2.8.1 Value-Weighted vis-à-vis Equi-weighted

In general, the value-weighted portfolio has less dispersion than equi-weighted portfolio. This is to be expected because in general traders have a higher weightage for assets which have less volatility given similar expected returns. This is consistent with the results in the tables obtained for percentage of times the portfolio value hits the threshold level (−5.00%) and the average drop in the portfolio given that the portfolio hits this threshold. Both the values are lower for value-weighted portfolio vis-à-vis equi-weighted portfolio.

2.8.2 Gaussian vis-à-vis Student’s t-Distribution

For GARCH models, the difference in dispersion for the two distributions is small. However, the tables report the results for GJR and EGARCH using the two different-distributions, and, in general, as is to be expected, the Student’s t-distribution tends to have a higher dispersion than in the case of Gaussian distribution.

Figures 20.11 and 20.12 show the simulated paths for the equal-weighted portfolio over the 30-day horizon with GJR model with a Gaussian distribution and Student’s t-distribution. As is clearly visible, the fat-tailed Student’s t-distribution generates greater variation at the extremes than the normal distribution.

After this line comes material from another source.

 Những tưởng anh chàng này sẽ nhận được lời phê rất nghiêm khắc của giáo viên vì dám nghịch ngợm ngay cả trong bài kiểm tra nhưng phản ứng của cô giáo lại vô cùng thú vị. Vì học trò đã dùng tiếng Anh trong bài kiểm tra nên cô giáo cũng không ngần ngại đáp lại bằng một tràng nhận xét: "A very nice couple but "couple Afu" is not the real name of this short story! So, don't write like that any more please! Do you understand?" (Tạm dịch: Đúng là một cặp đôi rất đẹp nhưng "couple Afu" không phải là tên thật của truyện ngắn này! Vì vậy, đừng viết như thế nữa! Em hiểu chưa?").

../images/428412_1_En_20_Chapter/428412_1_En_20_Fig13_HTML.png — Fig. 20.12
Simulated returns of portfolio assets with GJR model, Student’s t-distribution

2.8.3 GARCH, GJR, and EGARCH

GARCH tends to underestimate the VaR and persistence measure vis-à-vis GJR and EGARCH. Again this is to be expected given that GJR and EGARCH factor in the leverage effect which GARCH fails to do. GJR and EGARCH return similar results which again is to be expected.

Five values are exhibited for each parameter to show the measure of dispersion. Standard errors for the estimates are computed as also the t-statistics, and both are found to be statistically acceptable.

Each value itself is an average of 10,000 paths. The horizon is mentioned in the first column. The threshold horizon is taken as 2 days for consistency across horizon.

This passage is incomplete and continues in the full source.